START Data block

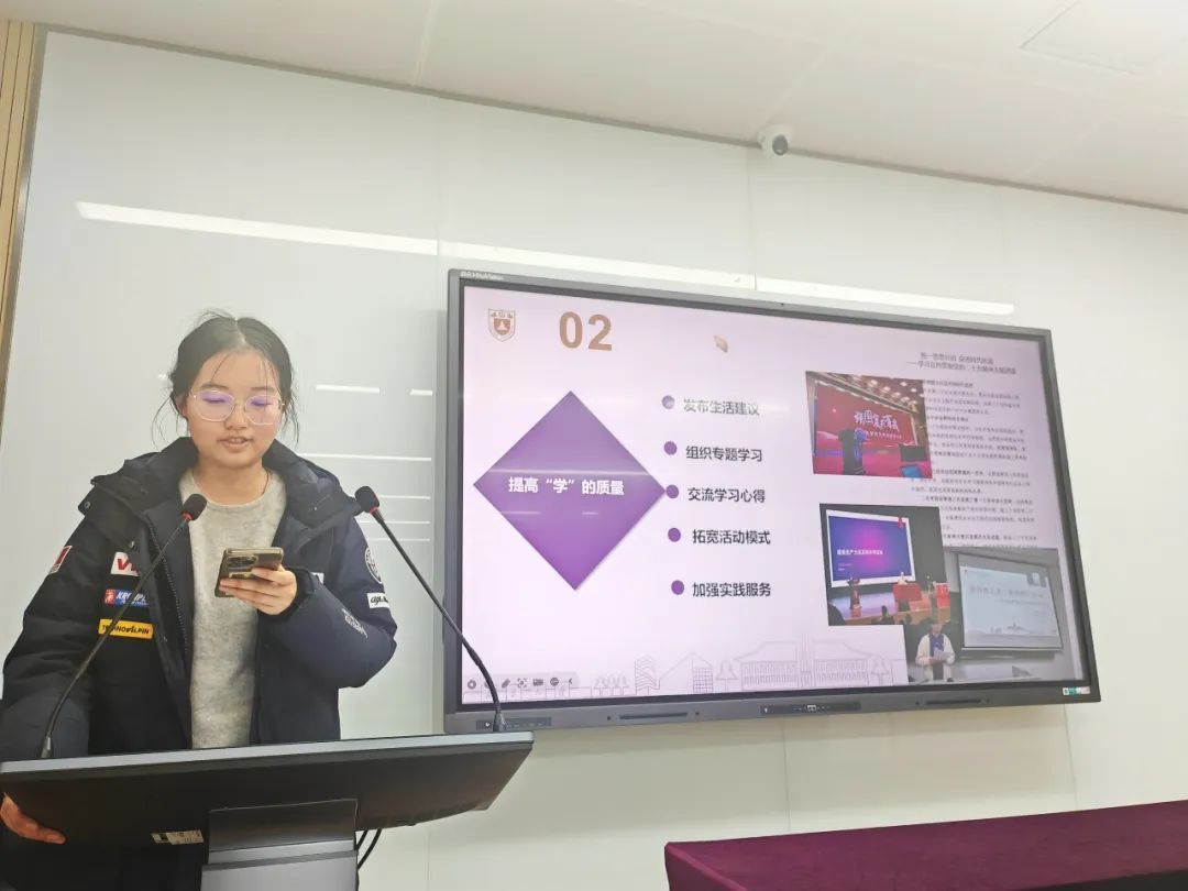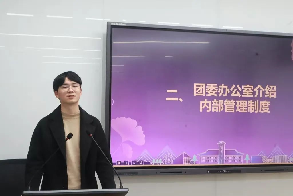 首先,团委办公室学生代表曹玉笛同学就团委日常管理制度作工作汇报。曹玉笛从人员考核、公章使用、财务报销、活动组织、场地保障等方面详细介绍了团委的日常管理制度。本学期以来,团委办公室积极推进团委日常管理规范化、高效化,通过制定团委盖章流程指南、推行联络负责人和台账制度等措施提高团委日常工作效率,调动团委成员工作积极性和主动性。
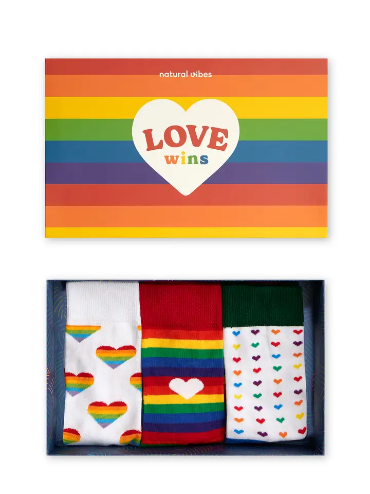 Spread love. Een vrolijk en kleurrijk liefdessokken cadeau – biologisch, bewust én prachtig verpakt.
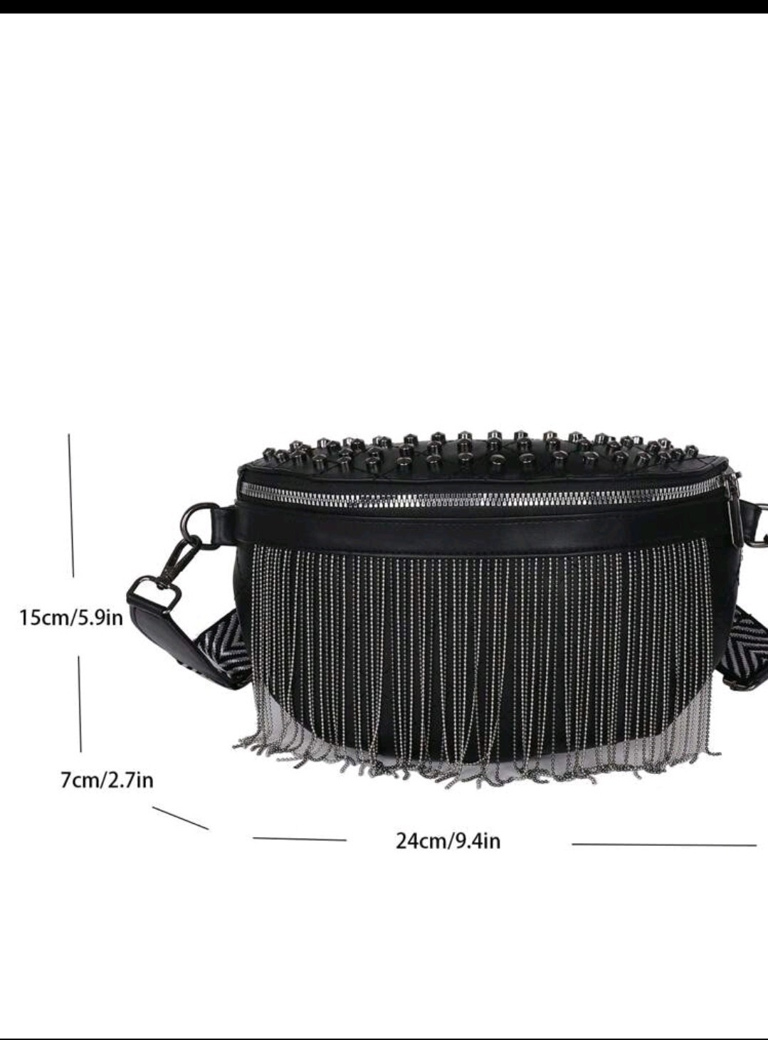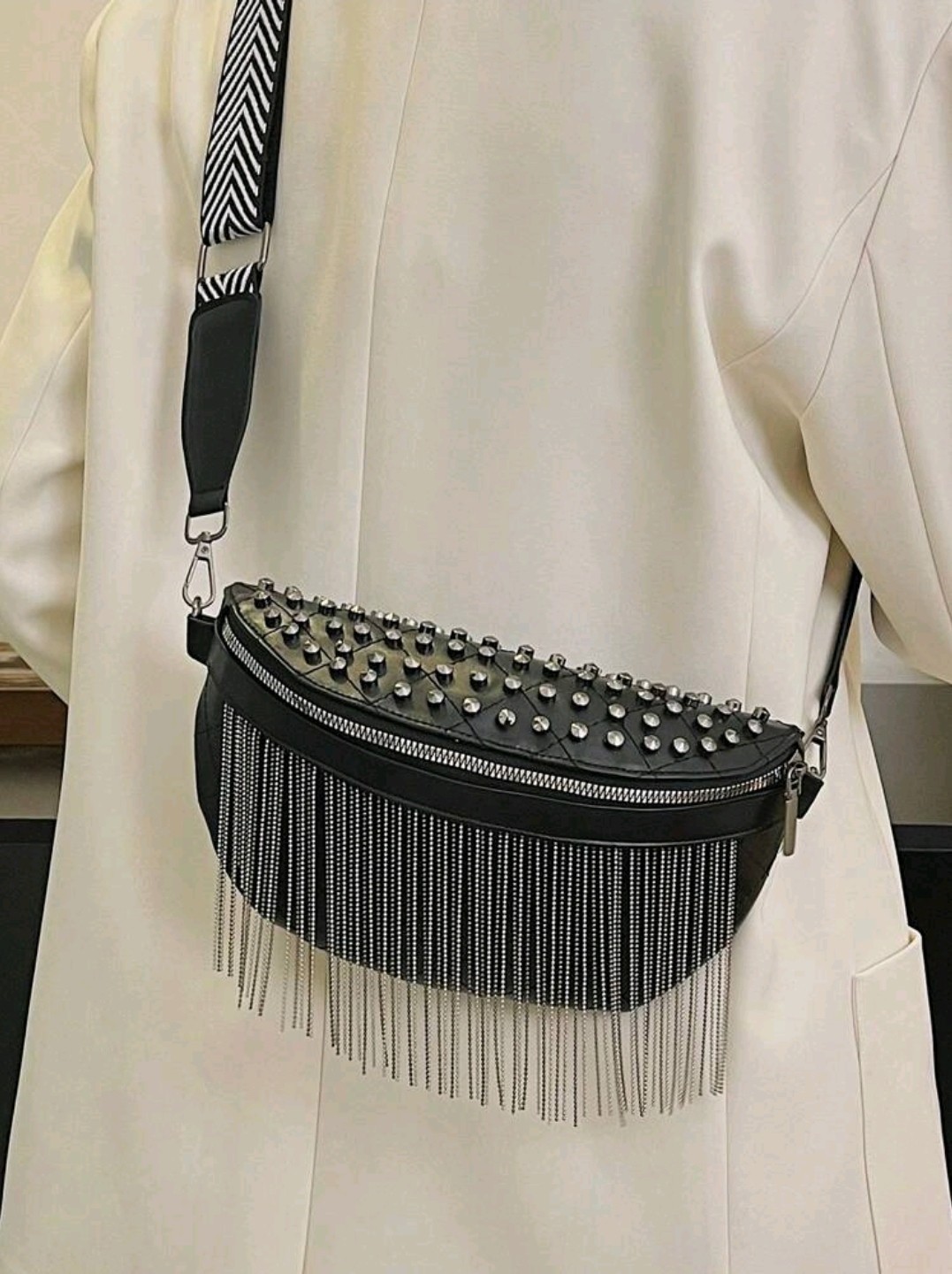 Black Studded leather Fringe Crossbody Bag – Edgy & Trendy Fashion Accessory Upgrade your style with this bold black crossbody bag featuring studded embellishments, silver fringe details, and a chic chevron strap. Perfect for casual and statement outfits. Ideal for street fashion lovers. Black crossbody bag, studded bag, fringe bag, fashion accessories, edgy style, street fashion, trendy handbag, statement bag, women’s bag #BlackBag #FringeBag #StuddedBag #FashionAccessories #StreetStyle #TrendyBag #EdgyLook #StatementFashion #CrossbodyBag

END Data block

* _What to work on_:
In your copy, reproduce the data above exactly and skip every picture.

* _Exercise output_:
 首先,团委办公室学生代表曹玉笛同学就团委日常管理制度作工作汇报。曹玉笛从人员考核、公章使用、财务报销、活动组织、场地保障等方面详细介绍了团委的日常管理制度。本学期以来,团委办公室积极推进团委日常管理规范化、高效化,通过制定团委盖章流程指南、推行联络负责人和台账制度等措施提高团委日常工作效率,调动团委成员工作积极性和主动性。
 Spread love. Een vrolijk en kleurrijk liefdessokken cadeau – biologisch, bewust én prachtig verpakt.
 Black Studded leather Fringe Crossbody Bag – Edgy & Trendy Fashion Accessory Upgrade your style with this bold black crossbody bag featuring studded embellishments, silver fringe details, and a chic chevron strap. Perfect for casual and statement outfits. Ideal for street fashion lovers. Black crossbody bag, studded bag, fringe bag, fashion accessories, edgy style, street fashion, trendy handbag, statement bag, women’s bag #BlackBag #FringeBag #StuddedBag #FashionAccessories #StreetStyle #TrendyBag #EdgyLook #StatementFashion #CrossbodyBag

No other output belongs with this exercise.